§ **INFORMATION**
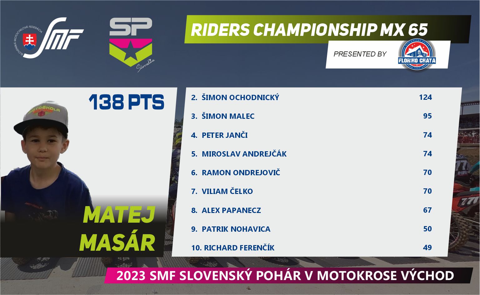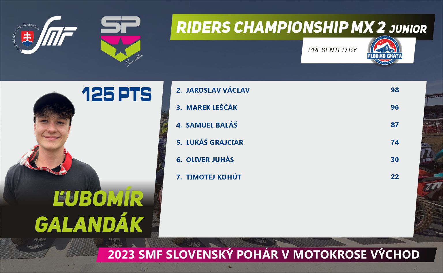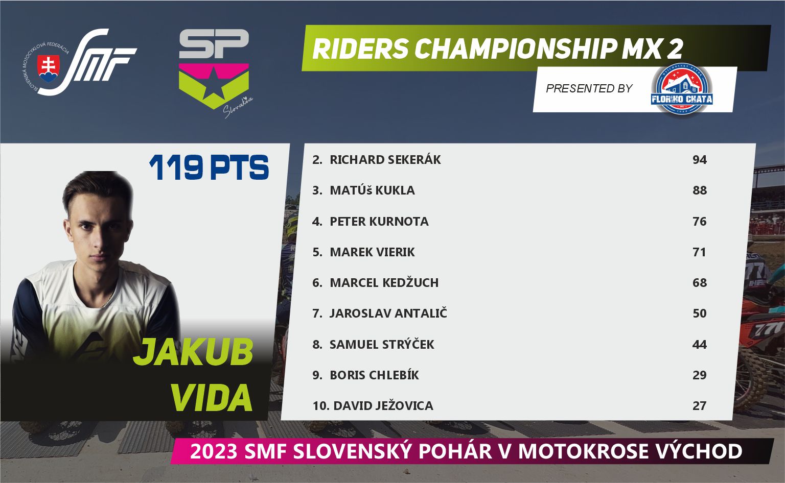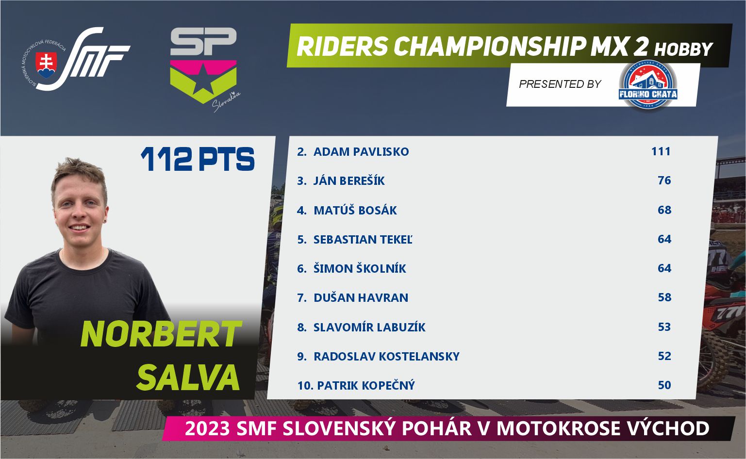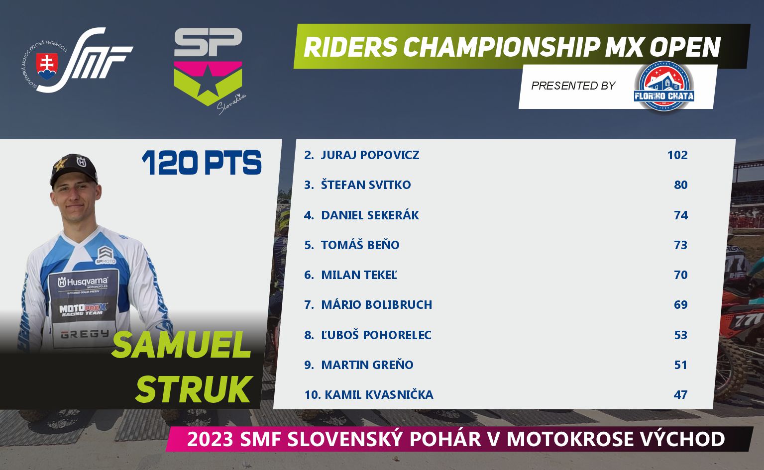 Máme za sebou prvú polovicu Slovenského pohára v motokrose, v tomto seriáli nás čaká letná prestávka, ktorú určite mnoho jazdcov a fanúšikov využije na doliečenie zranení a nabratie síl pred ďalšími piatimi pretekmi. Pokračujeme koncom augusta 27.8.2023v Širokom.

* * *

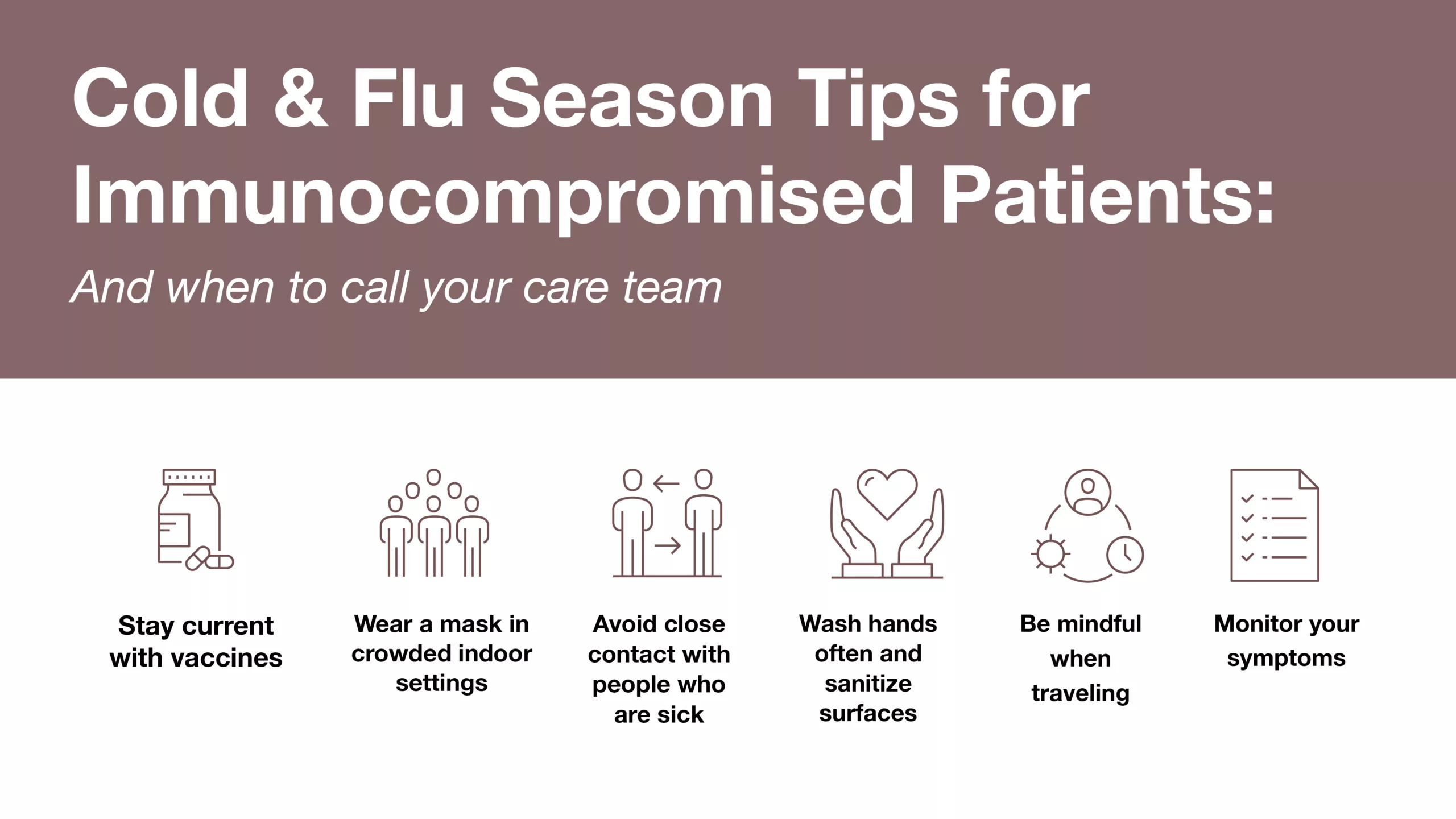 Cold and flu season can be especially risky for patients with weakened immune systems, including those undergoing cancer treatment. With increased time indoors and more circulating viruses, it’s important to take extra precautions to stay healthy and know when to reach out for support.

...

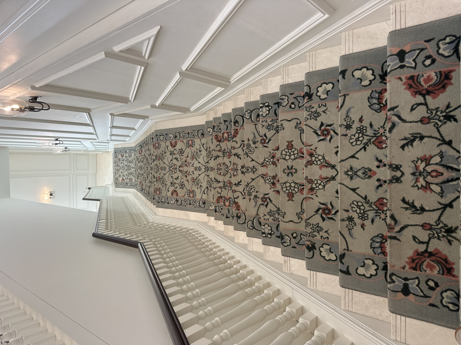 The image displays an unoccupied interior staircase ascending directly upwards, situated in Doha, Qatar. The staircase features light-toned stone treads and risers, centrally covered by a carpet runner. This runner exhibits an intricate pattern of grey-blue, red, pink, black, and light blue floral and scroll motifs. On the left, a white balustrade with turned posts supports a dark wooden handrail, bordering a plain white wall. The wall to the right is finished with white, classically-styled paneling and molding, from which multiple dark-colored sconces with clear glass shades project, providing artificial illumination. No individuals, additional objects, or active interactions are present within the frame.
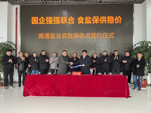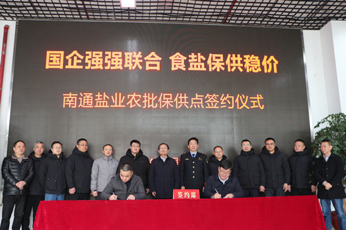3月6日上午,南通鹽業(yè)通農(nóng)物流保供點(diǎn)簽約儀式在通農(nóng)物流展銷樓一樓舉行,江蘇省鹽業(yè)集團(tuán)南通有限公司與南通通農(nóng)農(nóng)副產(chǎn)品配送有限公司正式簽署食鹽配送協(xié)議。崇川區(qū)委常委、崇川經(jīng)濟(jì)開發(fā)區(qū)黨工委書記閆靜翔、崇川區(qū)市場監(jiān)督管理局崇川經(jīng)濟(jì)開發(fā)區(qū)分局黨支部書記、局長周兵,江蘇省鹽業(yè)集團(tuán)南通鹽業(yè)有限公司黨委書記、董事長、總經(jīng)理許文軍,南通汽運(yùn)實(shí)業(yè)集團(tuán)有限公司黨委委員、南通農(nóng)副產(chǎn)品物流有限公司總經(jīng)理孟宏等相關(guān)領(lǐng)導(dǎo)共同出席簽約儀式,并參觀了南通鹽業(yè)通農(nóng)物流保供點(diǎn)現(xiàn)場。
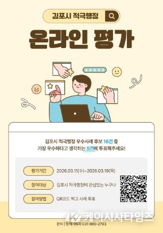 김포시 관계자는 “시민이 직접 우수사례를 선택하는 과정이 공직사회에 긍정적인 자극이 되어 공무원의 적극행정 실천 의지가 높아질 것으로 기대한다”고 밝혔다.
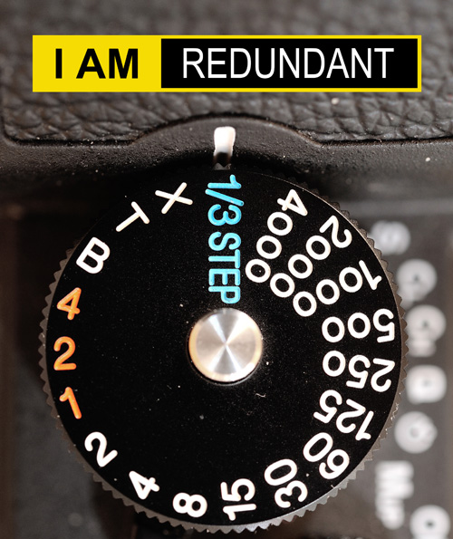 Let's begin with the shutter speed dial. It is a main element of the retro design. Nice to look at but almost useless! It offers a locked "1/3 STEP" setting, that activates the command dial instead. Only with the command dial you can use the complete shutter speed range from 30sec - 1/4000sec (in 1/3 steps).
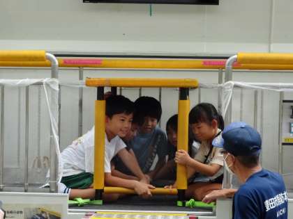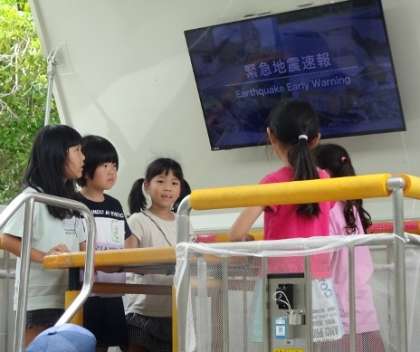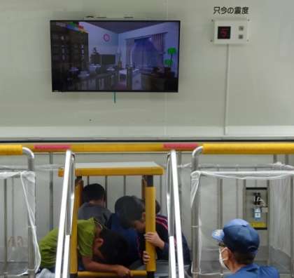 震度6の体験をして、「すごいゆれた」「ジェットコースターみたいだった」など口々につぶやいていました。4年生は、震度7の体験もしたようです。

§ **AIM OF THE TASK**
Go back to the lines above and output, exactly as they stand, the ones from the line containing "Let's begin with" to the line containing "震度6の体験をして、「すごい". Leave all pictures behind.

§ **TASK OUTPUT**
 Let's begin with the shutter speed dial. It is a main element of the retro design. Nice to look at but almost useless! It offers a locked "1/3 STEP" setting, that activates the command dial instead. Only with the command dial you can use the complete shutter speed range from 30sec - 1/4000sec (in 1/3 steps).
 震度6の体験をして、「すごいゆれた」「ジェットコースターみたいだった」など口々につぶやいていました。4年生は、震度7の体験もしたようです。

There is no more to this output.